Extracted information section start

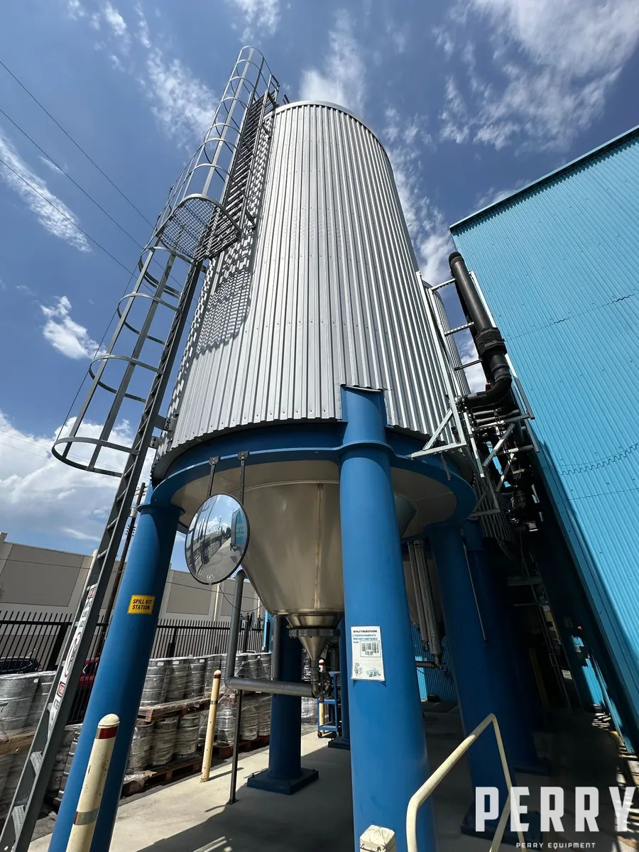 Used 27,000 gallon (874 BBL) 304 stainless steel jacketed pressure vessel. Manufactured by Ziemann Holvrieka. Vessel Rated 29psi @86F, jacket rated 43psi @86F. 13' 7" dia x 42' tall. Dished head, cone bottom.Previously used in brewery as fermenter, cooled with Glycol @24F. National board #534. Serial #9618. Built 2015.
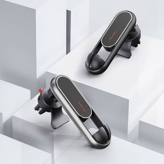 Our Sleek Magnetic Charge Phone Holder is made with ABS plastic and silicone cushioning on the air vent claws, for worry-free hold. A friction knob and safety lock also help customize your hold.
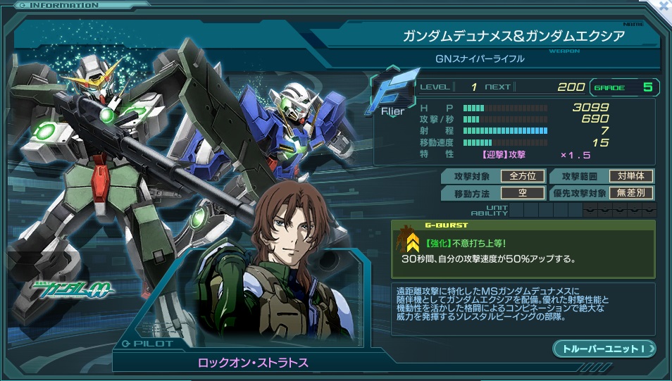 ガンダムデュナメスの調整版。 主な変更点はトルーパーユニットとしてガンダムエクシアが付いたこと、Gバーストが自己強化型になったこと、 そして砲台優先ではなく無差別になったことの3つ。多少性能差はあるが、他は基本的に通常のデュナメスに準じている。 さすがにトランザム仕様ほどの爆発力はないものの火力を上げやすく、 無差別設定になったことで対空ミサイルに自分から突っ込んで事故死するケースが起きにくいので、安定性は単体版を上回る。 トルーパーユニットのガンダムエクシアは単体版の特性が生産×2だったのが、こちらは砲台×2に変更されている。 性能は単体版(初期でG5)より一回り低く抑えられており、おおむねG4のBoosterエース相当である。 なお制圧戦でデュナメスが置かれやすいアウトレンジの配備場所と相性が悪いので、過大な期待はしないように。 もっとも輝くのは迎撃戦で、F型の弱点である「対地攻撃機のタゲ取りができない」部分を補う上に多少の前線援護ができるのはオイシイ。
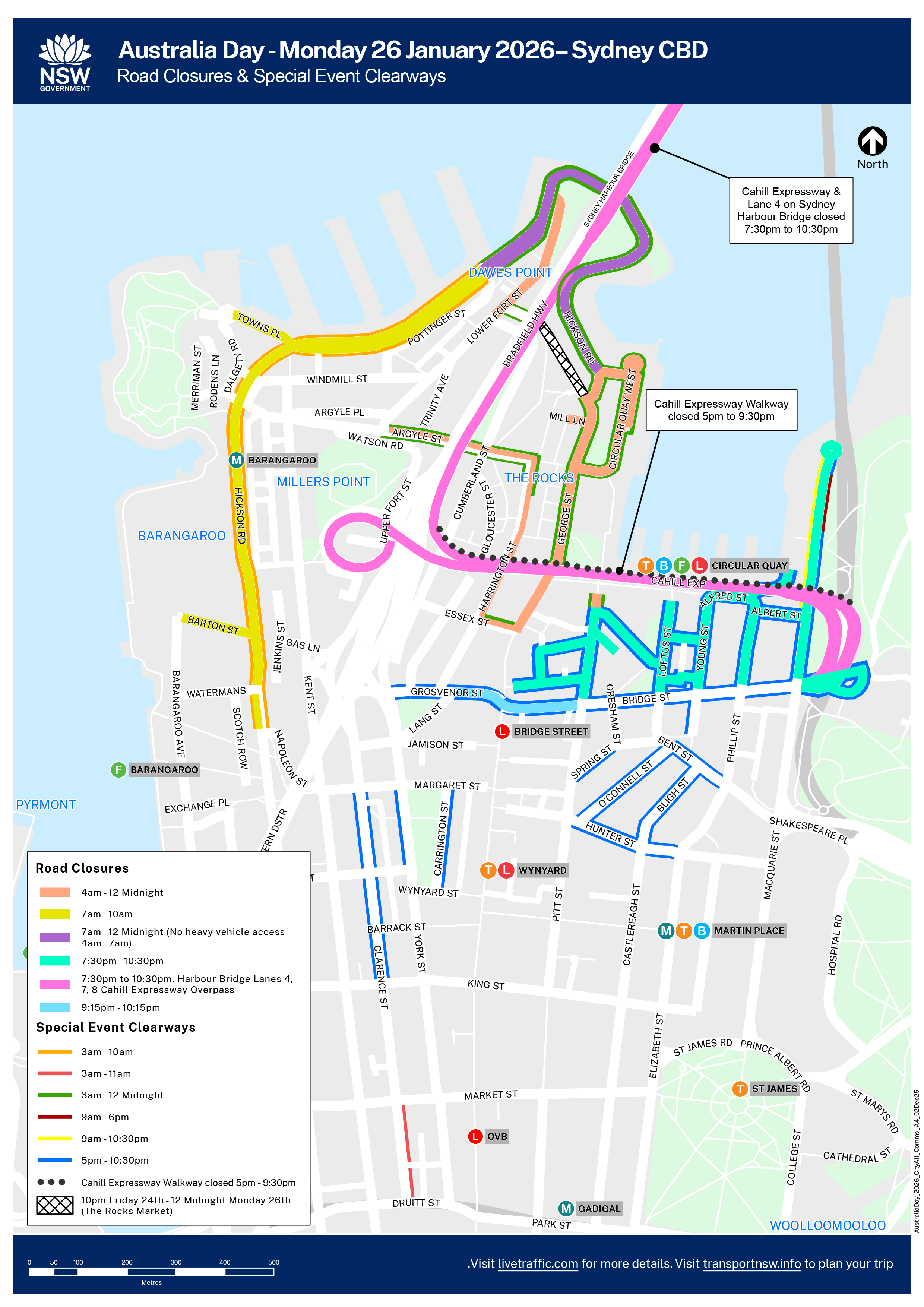 Road closures and Special Event Clearways (SEC) will be in place on Monday 26 January 2026 in the Sydney CBD, The Rocks, Dawes Point, Millers Point, Barangaroo, and Milsons Point for Australia Day in Sydney.
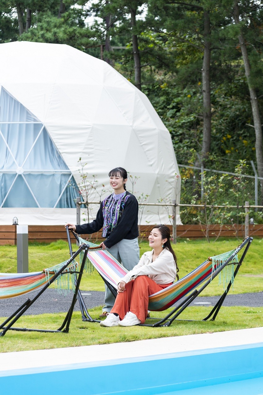 入住後, 就一邊欣賞絕景一邊在帳篷中悠哉放鬆, 或到泳池畔吹著海風享受閱讀, 亦可到圓筒型的戶外三溫暖充充電。

Extracted information section end

• [Exercise directions]: Through the line containing "Our Sleek Magnetic" and no further, restate the data above word for word from its first line, leaving out pictures.

• [Exercise result]:
 Used 27,000 gallon (874 BBL) 304 stainless steel jacketed pressure vessel. Manufactured by Ziemann Holvrieka. Vessel Rated 29psi @86F, jacket rated 43psi @86F. 13' 7" dia x 42' tall. Dished head, cone bottom.Previously used in brewery as fermenter, cooled with Glycol @24F. National board #534. Serial #9618. Built 2015.
 Our Sleek Magnetic Charge Phone Holder is made with ABS plastic and silicone cushioning on the air vent claws, for worry-free hold. A friction knob and safety lock also help customize your hold.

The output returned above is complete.